Telecom-band Hyperentangled Photon Pairs from a Fiber-based Source
- URL: http://arxiv.org/abs/2112.03369v1
- Date: Mon, 6 Dec 2021 21:37:43 GMT
- Title: Telecom-band Hyperentangled Photon Pairs from a Fiber-based Source
- Authors: Changjia Chen, Calvin Xu, Arash Riazi, Eric Y. Zhu, Alexander
Greenwood, Alexey V.Gladyshev, Peter G. Kazansky, Brian T. Kirby, Li Qian
- Abstract summary: We experimentally demonstrate the generation of telecom-band biphotons hyperentangled in both the polarization and frequency DoFs.
The states produced by our hyperentanglement source can enable protocols such as dense coding and high-dimensional quantum key distribution.
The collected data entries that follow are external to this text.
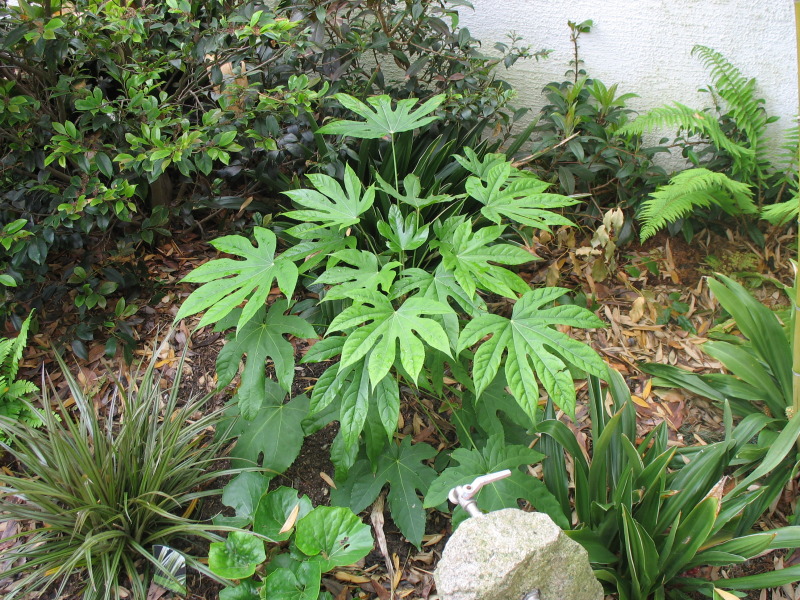 für meinen durch Wintereinfluss jugendlich verschiedenen 3 m hohen Drimys winteri: Fatsia polycarpa. Mal sehen, ob die filigrane Taiwanesin mehr aushält als der Chilene??
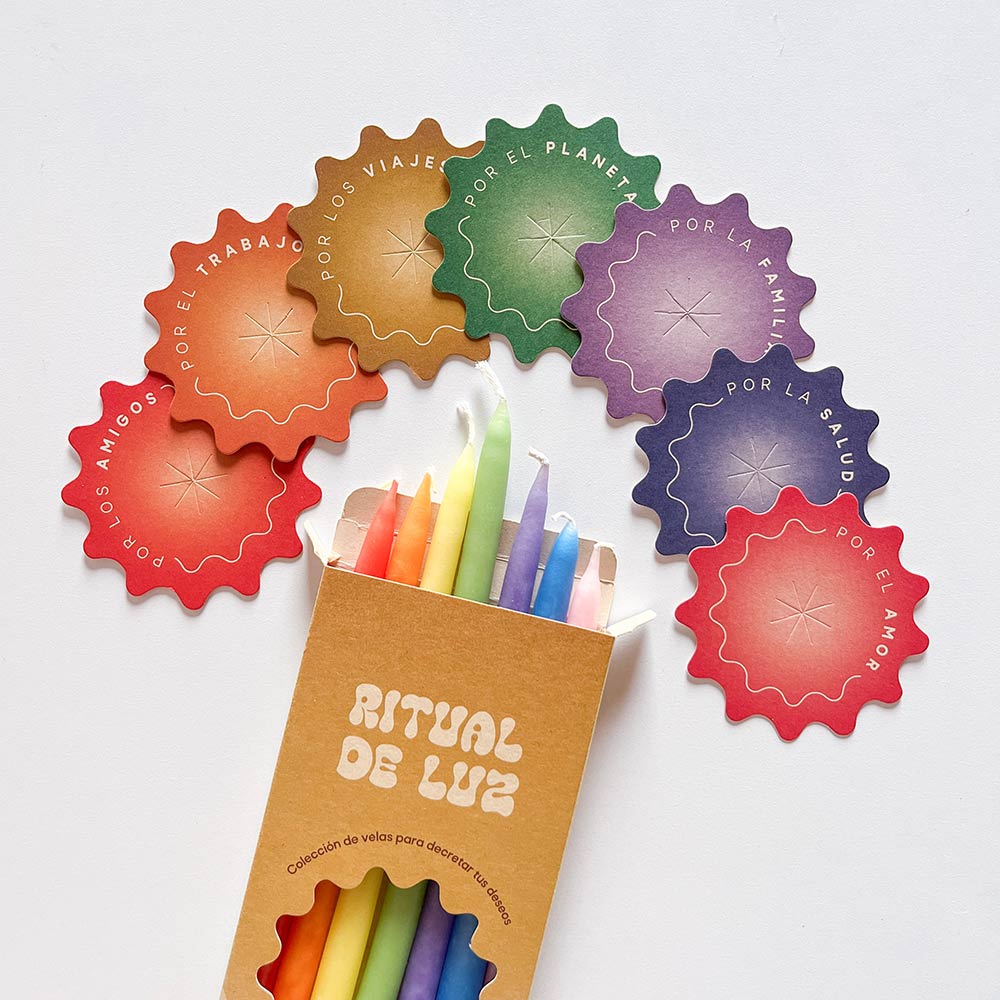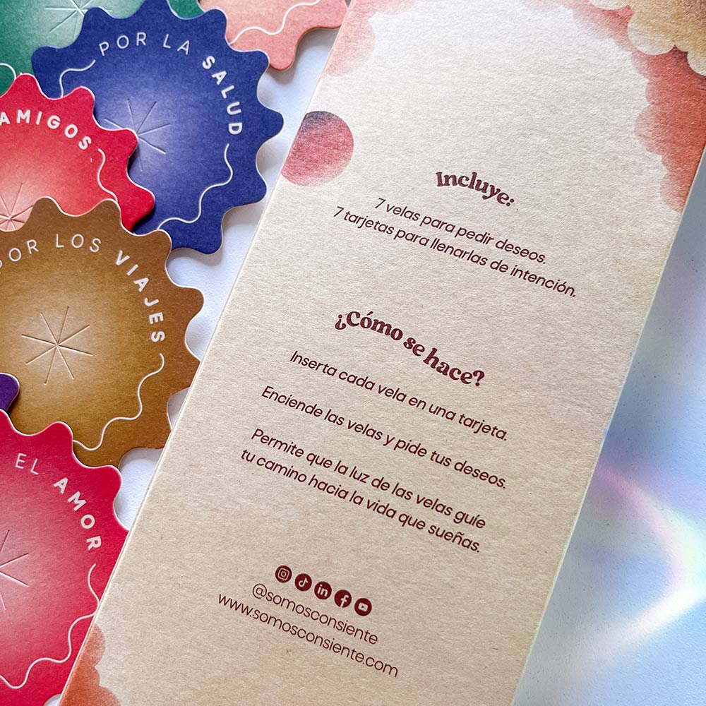 Colección de 7 velas con 7 tarjetas para decretar tus deseos.
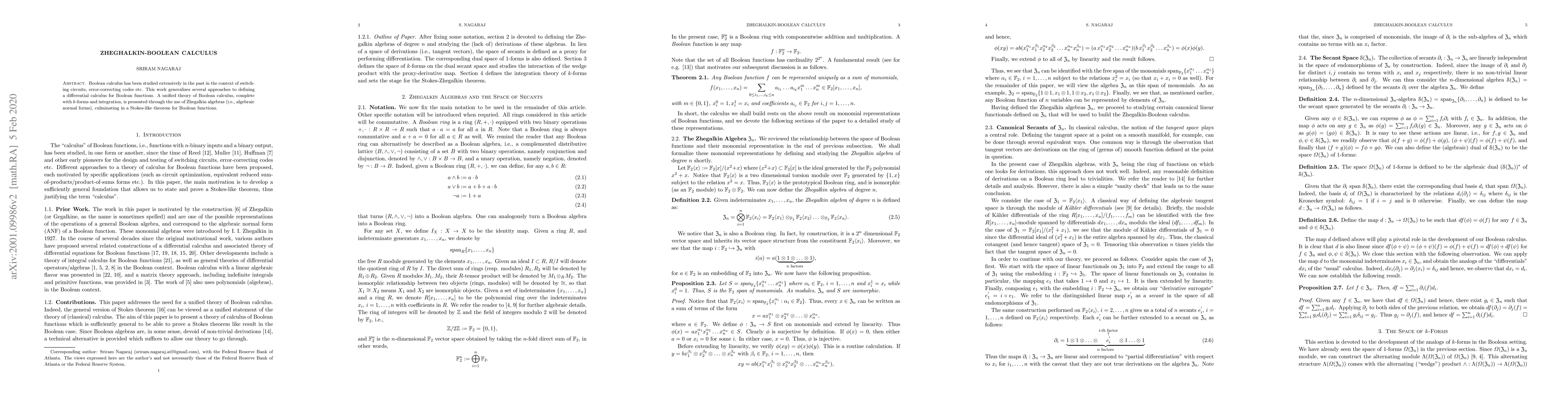Boolean calculus has been studied extensively in the past in the context of switching circuits, error-correcting codes etc. This work generalizes several approaches to defining a differential calculus for Boolean functions. A unified theory of Boolean calculus, complete with k-forms and integration, is presented through the use of Zhegalkin algebras (i.e., algebraic normal forms), culminating in a Stokes-like theorem for Boolean functions.

- Score: 49.06242674127539
- License: http://creativecommons.org/licenses/by/4.0/
- Abstract: Hyperentanglement, the simultaneous and independent entanglement of quantum
particles in multiple degrees of freedom, is a powerful resource that can be
harnessed for efficient quantum information processing. In photonic systems,
the two degrees of freedom (DoF) often used to carry quantum and classical
information are polarization and frequency, thanks to their robustness in
transmission, both in free space and in optical fibers. Telecom-band
hyperentangled photons generated in optical fibers are of particular interest
because they are compatible with existing fiber-optic infrastructure, and can
be distributed over fiber networks with minimal loss. Here, we experimentally
demonstrate the generation of telecom-band biphotons hyperentangled in both the
polarization and frequency DoFs using a periodically-poled silica fiber and
observe entanglement concurrences above 0.95 for both polarization and
frequency DOFs. Furthermore, by concatenating a Hong-Ou-Mandel interference
test for frequency entanglement and full state tomography for polarization
entanglement in a single experiment, we can demonstrate simultaneous
entanglement in both the polarization and frequency DOFs. The states produced
by our hyperentanglement source can enable protocols such as dense coding and
high-dimensional quantum key distribution.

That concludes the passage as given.